Compassion really is an open…loving…unconditional curiosity about lifes appearances. Compassion is an innocence…a realisation of our inherent not knowing anything definitively. We can all have our ideas…perspectives and judgements from conditioned minds but nobody REALLY knows anything about the meaning of this great mystery; why things happen the way they happen; why people do the things they do.
Compassion enables us to be more open and flexible….it gives us room to learn more about ourselves…life and others….to then grow and evolve in wisdom and maturity. If we don’t cultivate a curiosity, a loving curiosity about appearances then we stay stuck in the old familiar/familial conditioned stimulus/reaction patterns.
Compassion is the loving curiosity that asks attentively within “I wonder why he says those things to me?”…or “I wonder why I always say those things when I feel that way?”..or ‘I wonder why I feel so afraid and guarded around him?”.it is an entirely different way of experiencing life…it is allowing innocent not knowing to create a space for a change in persective… instead of the usual angry rhetorical inner questioning of “Why does this always happen to me?”…”Why does he always make me feel bad about myself?”..you know what I mean…the accusitory tone that further reinforces the current ways of being…the current ‘stuck’ perspective.
When we cultivate a compassionate curiosity when we genuinely want to understand ourselves or others who may have hurt us then the answers will make their way in to our consciousness. When we have a genuine desire to understand so that we may expand our consciousness and glean the wisdom that will enable us to move forward in life; understanding will come.
It involves becoming quieter…creating a space between the usual stimulus/reaction loop – he said…she said…etc….or here we go again this always happens when….or whatever your particular triggers may be. It maybe that a brother or sister or friend or parent seems to make you feel angry or hostile or maybe you seem to make them angry or hostile….next time instead of just barricading yourself in awaiting the usual onslaught (which is only ever a reaction in our own mind – which then perpetuates the existing dynamic)) try cultivating compassionate curiosity…a ‘space of ‘not knowing’ anything…let the thoughts do their habitual thing but really stay present…just notice the subtleties and nuances in the conversation and in your body…notice if you tighten up in any areas…and if you do… stay curious…open and unconditionally present (compassionate) i.e be willing to bring a clear space with no preconceived ideas from the past…be willing to not already know anything about the other person or yourself.
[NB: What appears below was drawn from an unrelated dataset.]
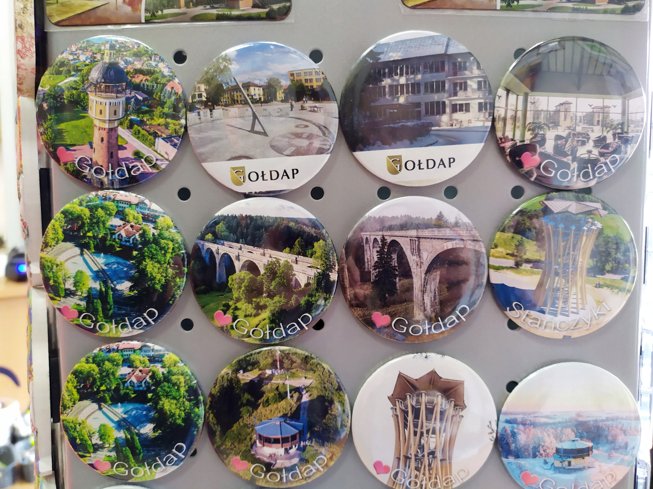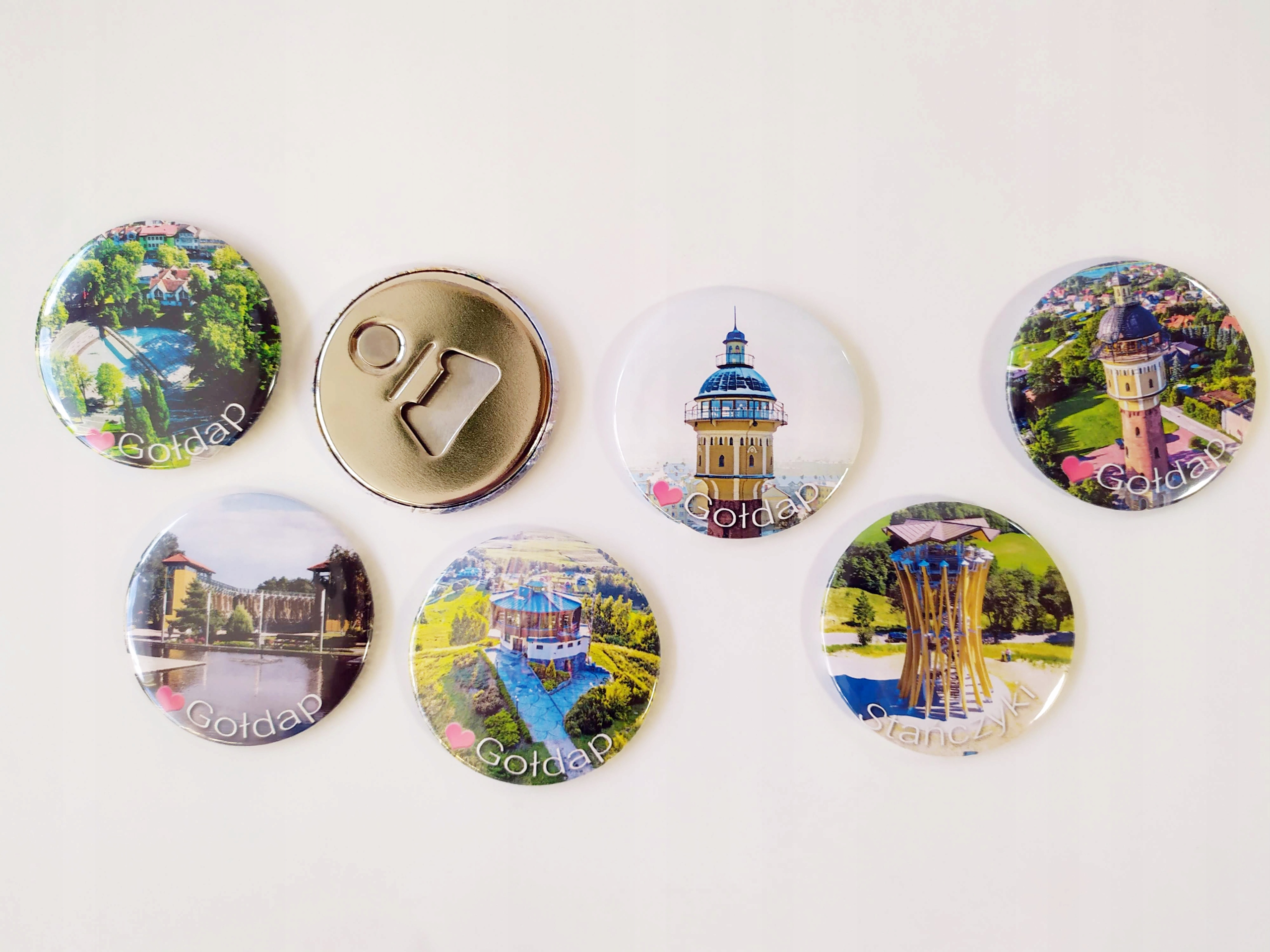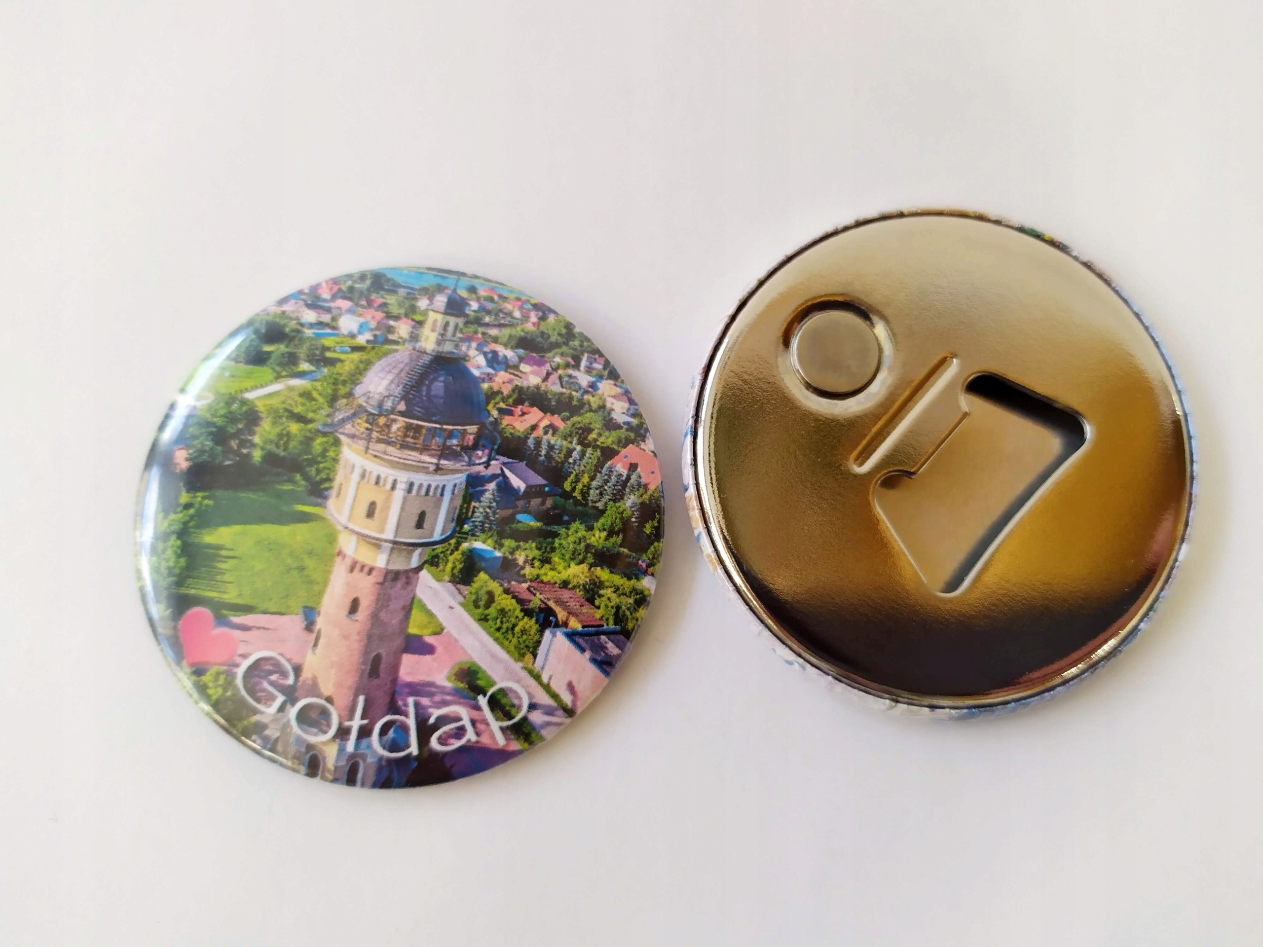 Pamiątkowy magnes na lodówkę z Mazur Garbatych, z powiatu gołdapskiego. Magnes okrągły z otwieraczem. Średnica 56 mm. Prosimy o podanie informacji o preferowanym wzorze lub załączymy losowy.

Then if you feel tightness or discomfort in the body or you sense unease in the other…you can remain curious and open (compassionate) and ask yourself (quietly inside)…I wonder why I feel this or that feeling or sensation etc…then let the questions go…the answers will come when the time is right….compassion does not demand answers NOW!…these are psychological patterns and habits of lifetimes…they may take a while to be seen through.
We are the creators of every experience…albeit at the subconscious level of Being…:let’s bring those shadows into the light with love …understanding and compassion.
You see EVERY situation that occurs in life is teaching you about you…life is always for you…for your growth and evolution…..as you begin to cultivate a compassionate curiosity about why things are happening the way they are – instead of simply reacting in old resistant ways you begin to create space for new perceptions and perspectives to emerge….you create space to begin to perceive life through a clearer lens…you create space so that the wisdom that life is trying to teach you through the experience can be gleaned with less suffering.